§ Required work:
Copy the records below exactly, starting at the line that contains "(وكأَنَّ المَنُونَ بنا" and ending at the line that contains "Example T.1: Using"; leave out any pictures.

━━━━━ Records to process

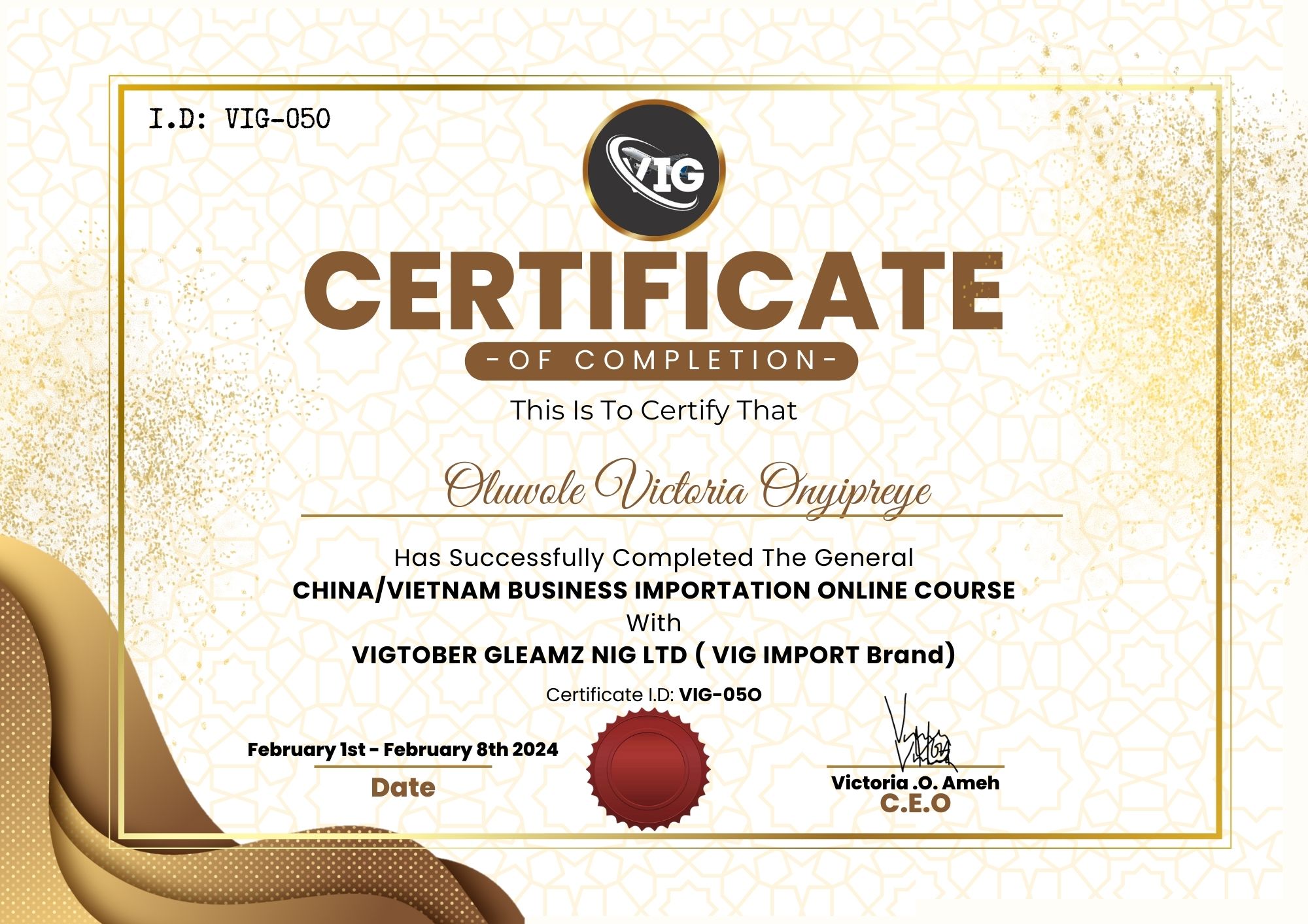 Congratulation on your Successful completion of the CHINA/VIETNAM Business Importation Class With VIGORBERG GLEAMZ NIG LTD.Kindly Download Your E-Certificate below. Thank You. Victoria O. AmehC.E.O Your Certificate 05ODownload
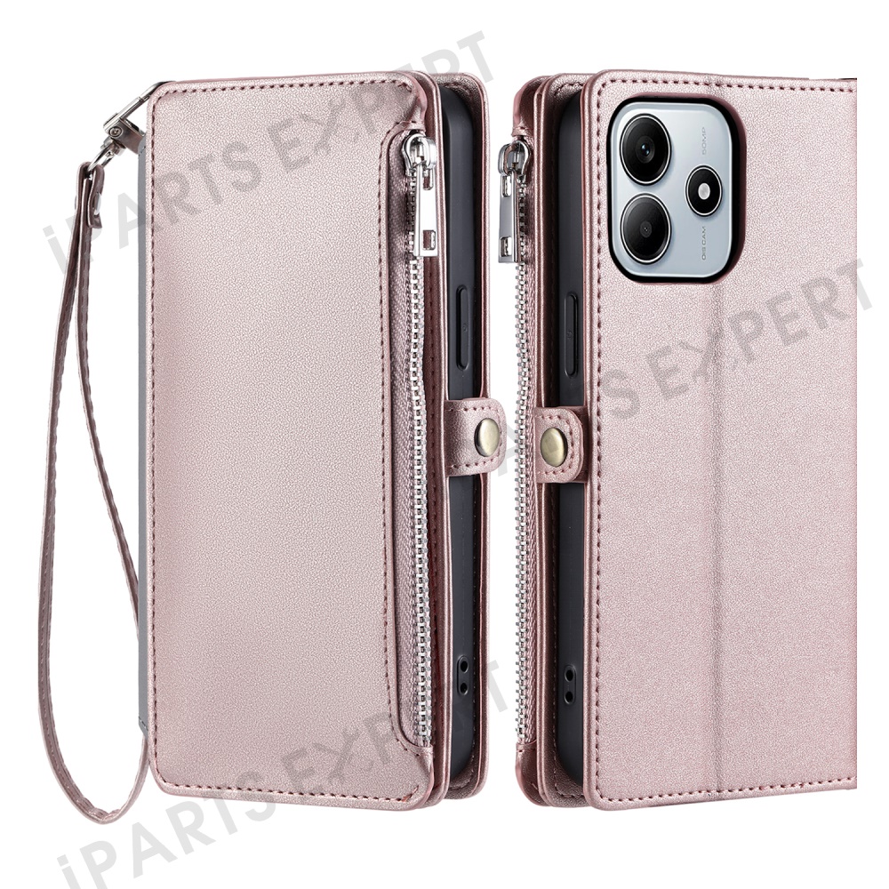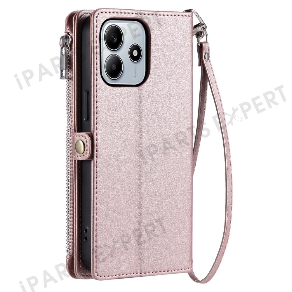 015 Style For Xiaomi Redmi Note 14 5G Case TPU+PU Leather Wallet Phone Cover with Straps - Rose Gold
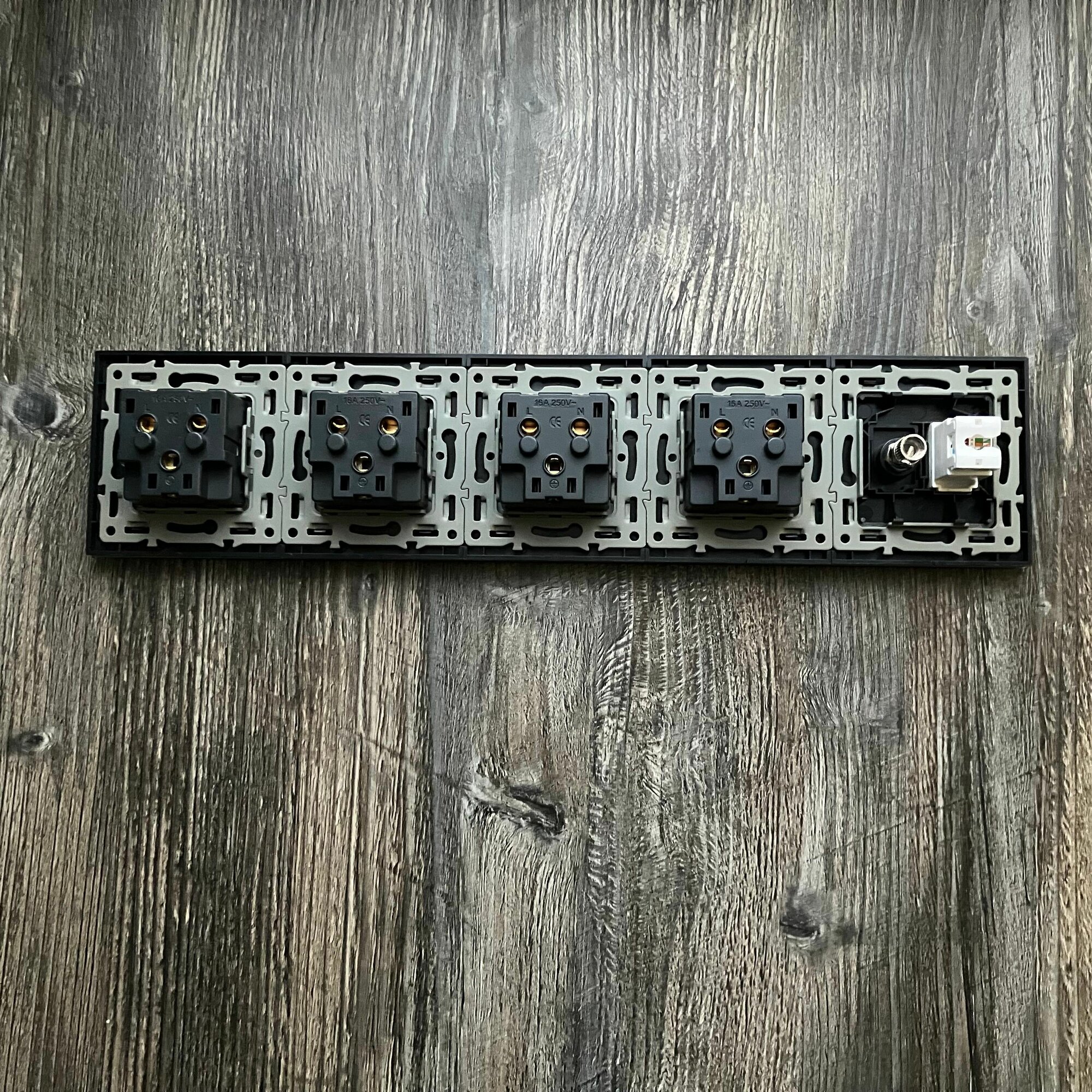 СохранитьРозетка ТВ и интернет 5 постов, антенна ТВ/компьютер RJ-45 CAT6, рамка закаленное стекло 366*82*8 мм, цвет серый интересное:
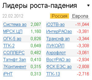 Лучше рынка смотрелись акции отечественных автопроизводителей: бумаги "КАМАЗа" и "АВТОВАЗа" выросли по итогам торгов на 0,19% и 0,16% соответственно. Также повышенным спросом пользовались бумаги АФК "Система" (+2,08%), "МРСК Центра и Приволжья" (+1,16%), ОГК-5 (+0,82%). В аутсайдерах торгов находились бумаги "О2ТВ" (-11,04%), "ИНТЕР РАО ЕЭС" (-3,38%), "Транснефти" (-3,34%), "Аэрофлота" (-3,06%). В очередной раз ощутимое снижение произошло в бумагах "ЛУКОЙЛа", потерявших по итогам торгов 3,3%. "Сложно судить, новости или что-то еще служит причиной такой динамики", - отмечает начальник отдела аналитических исследований ИК "УНИВЕР Капитал" Дмитрий Александров. Так же активные распродажи были и в "Роснефти" (-1,18%).
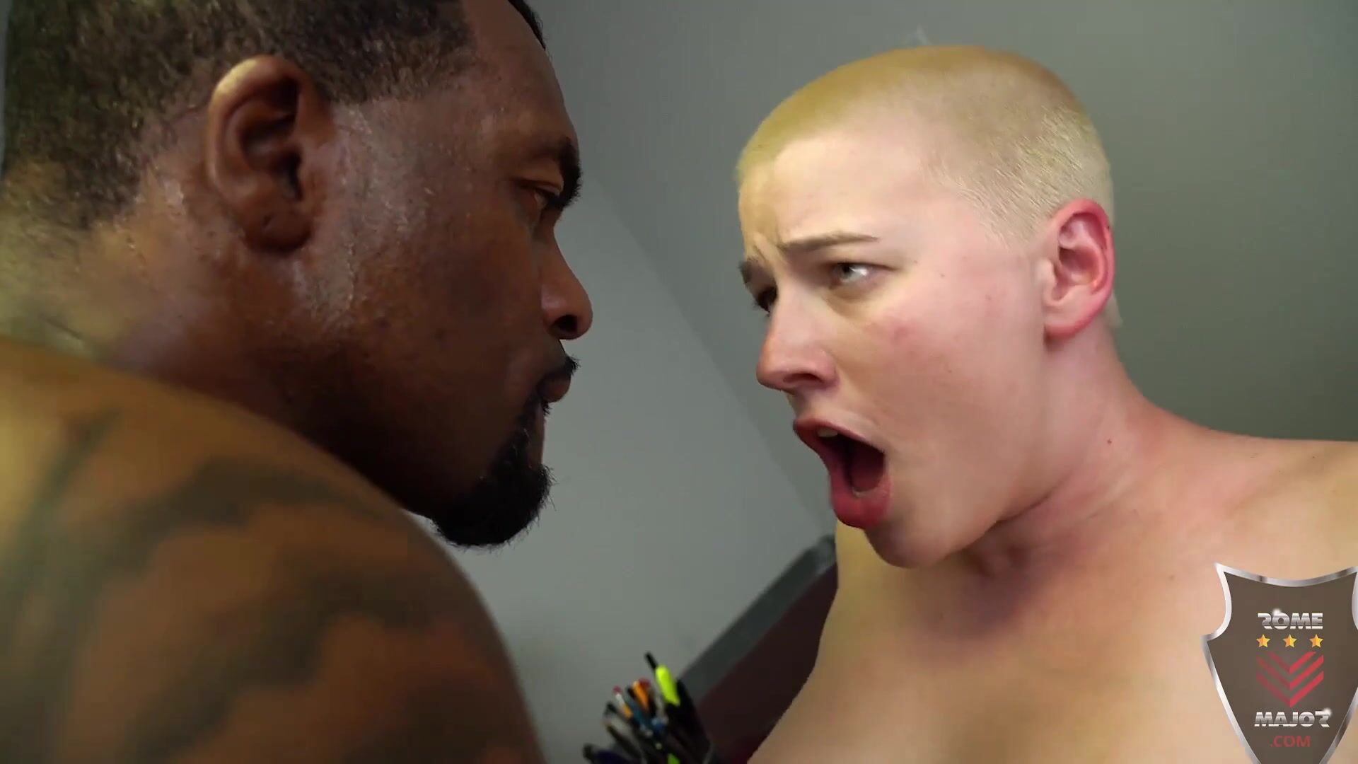 Buzzed hair Riley Nixon goes on job interview for Rome Major BBC fuck asisstent
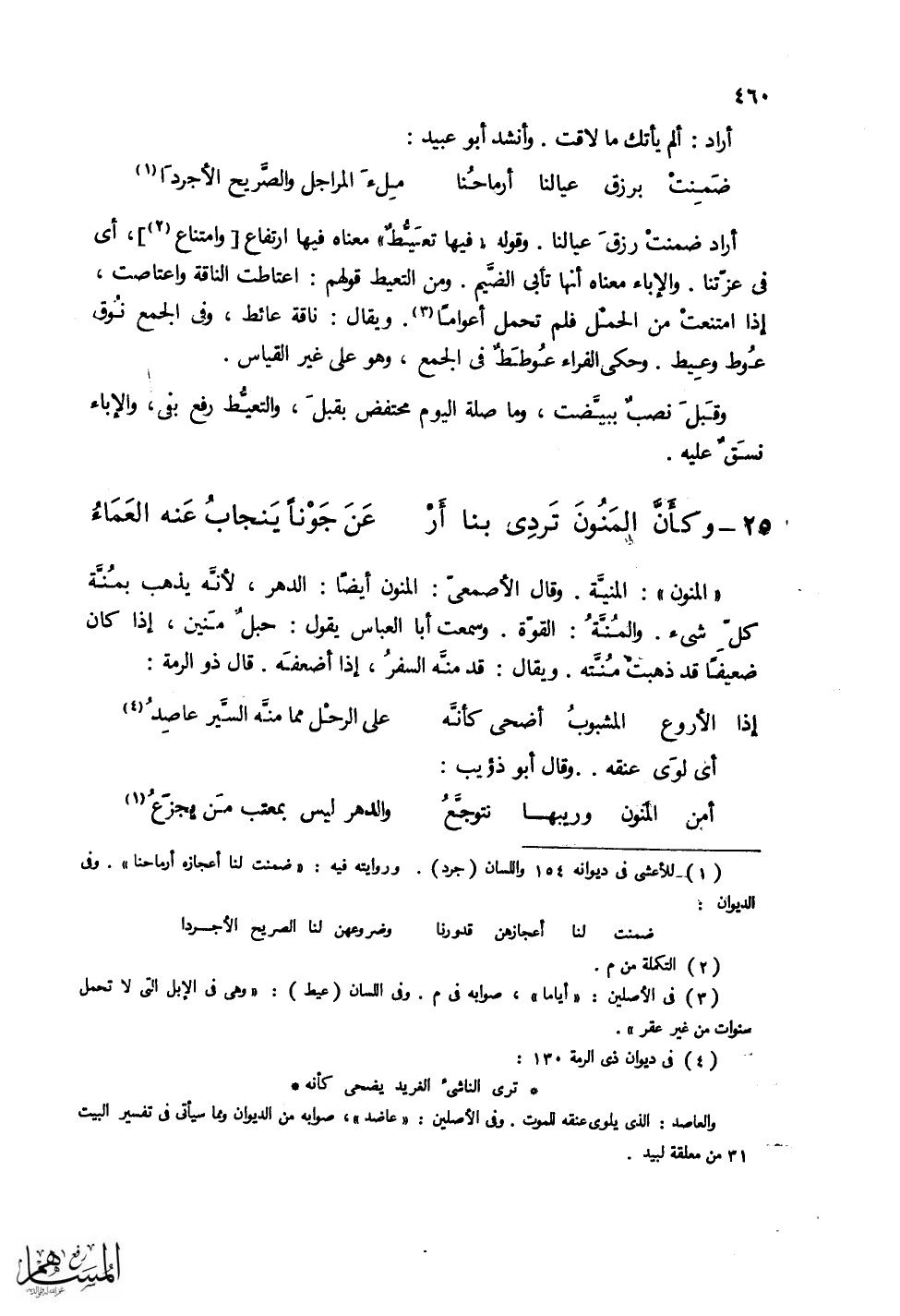 (وكأَنَّ المَنُونَ بنا أَرْ ... عَنَ جَوْناً يَنْجابُ عَنه العَمَاءُ)
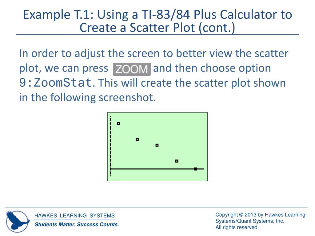Example T.1: Using a TI-83/84 Plus Calculator to Create a Scatter Plot (cont.) In order to adjust the screen to better view the scatter plot, we can press and then choose option 9:ZoomStat. This will create the scatter plot shown in the following screenshot.
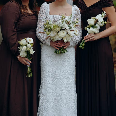 Pronovias brudekjole: Pronovias brudekjole i enkel design med glatt stoff. Bryst og halsutrigning er dekket av tynt tull, dekorert med glassperler. Slepet er redusert, og det er laget sjal av stoffet som ble til overs. Utover dette er det ikke gjort endringer. Kjolen er nyrenset. Den kan prøves hjemme hos meg hvis ønskelig. Jeg er 177cm høy og bruker vanligvis str 40. Ny pris kr 20.000,-.

━━━━━━━━━━

§ Answer to the problem:
 (وكأَنَّ المَنُونَ بنا أَرْ ... عَنَ جَوْناً يَنْجابُ عَنه العَمَاءُ)
Example T.1: Using a TI-83/84 Plus Calculator to Create a Scatter Plot (cont.) In order to adjust the screen to better view the scatter plot, we can press and then choose option 9:ZoomStat. This will create the scatter plot shown in the following screenshot.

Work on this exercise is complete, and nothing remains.